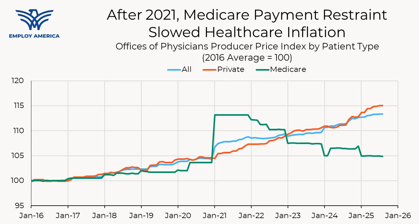 Private healthcare costs have gone up, while Medicare costs have stayed relatively flat:
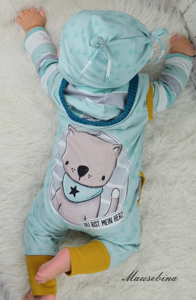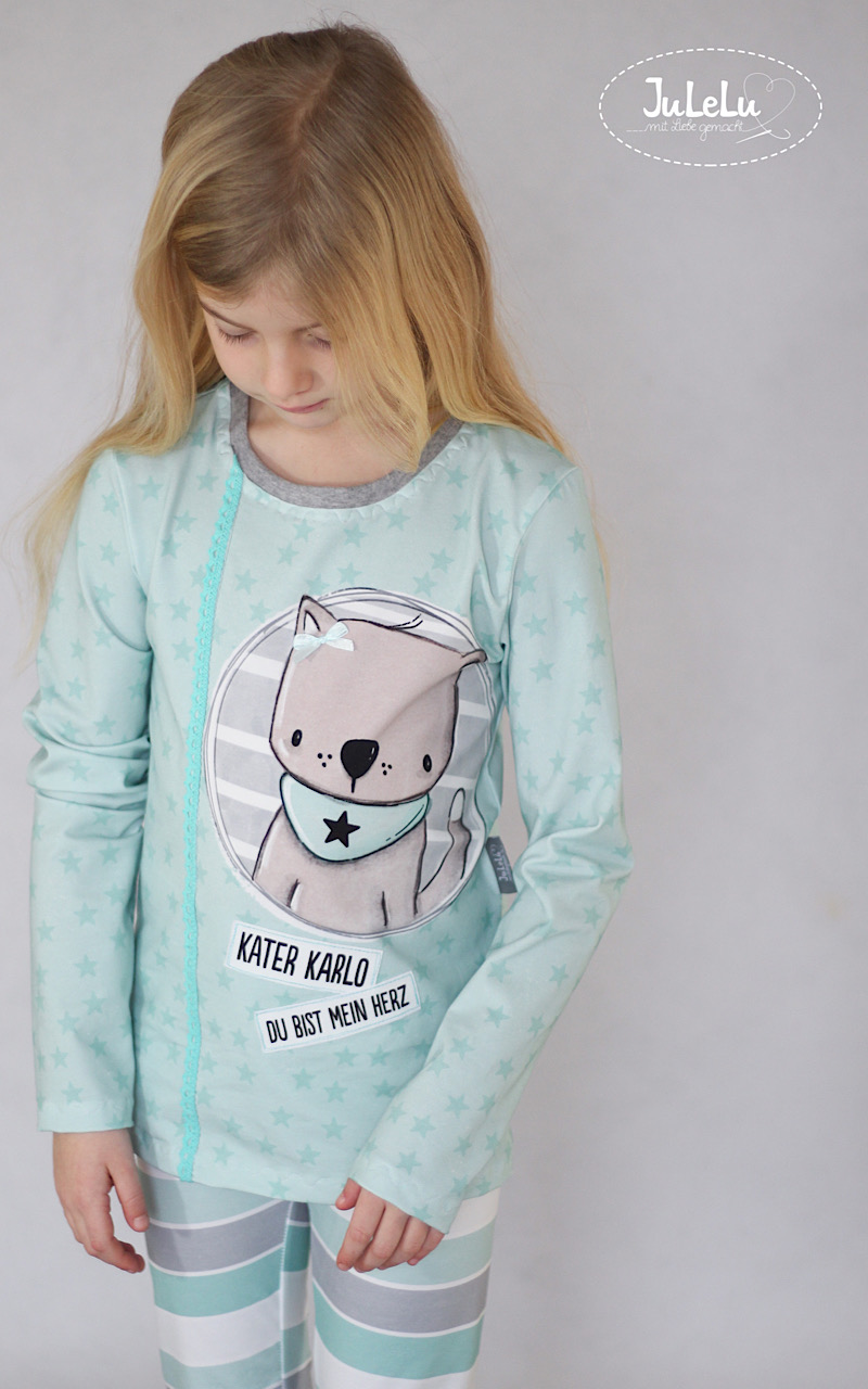 Den „Kater Karlo – Du bist mein Herz“ Sternenstoff bekommt ihr dieses Mal als Rapportabschnitt von ca. 60 cm und nicht als Meterware.
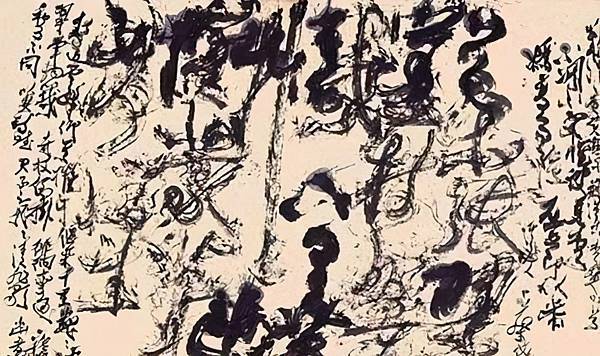 “亂書”,有兩種說法,一種是從表像上看似是很亂的,是“雜亂無章”的,它的字與字的筆劃相繫穿插,相互交織,即使辨認起來也是非常困難的,何況去學習和臨摹呢?另一種是王冬齡的說法,它是一種藝術性的表現方法,是筆墨在時間和空間上的一種舞蹈藝術。這不,人們不是經常說,書法是一種無聲的音樂、無言的詩句嘛,它也是一種無形的舞蹈。對於王冬齡的書法藝術來說,這就是一種舞蹈。

Task details: Repeat the data verbatim, excluding all pictures.

Task answer:
 Private healthcare costs have gone up, while Medicare costs have stayed relatively flat:
 Den „Kater Karlo – Du bist mein Herz“ Sternenstoff bekommt ihr dieses Mal als Rapportabschnitt von ca. 60 cm und nicht als Meterware.
 “亂書”,有兩種說法,一種是從表像上看似是很亂的,是“雜亂無章”的,它的字與字的筆劃相繫穿插,相互交織,即使辨認起來也是非常困難的,何況去學習和臨摹呢?另一種是王冬齡的說法,它是一種藝術性的表現方法,是筆墨在時間和空間上的一種舞蹈藝術。這不,人們不是經常說,書法是一種無聲的音樂、無言的詩句嘛,它也是一種無形的舞蹈。對於王冬齡的書法藝術來說,這就是一種舞蹈。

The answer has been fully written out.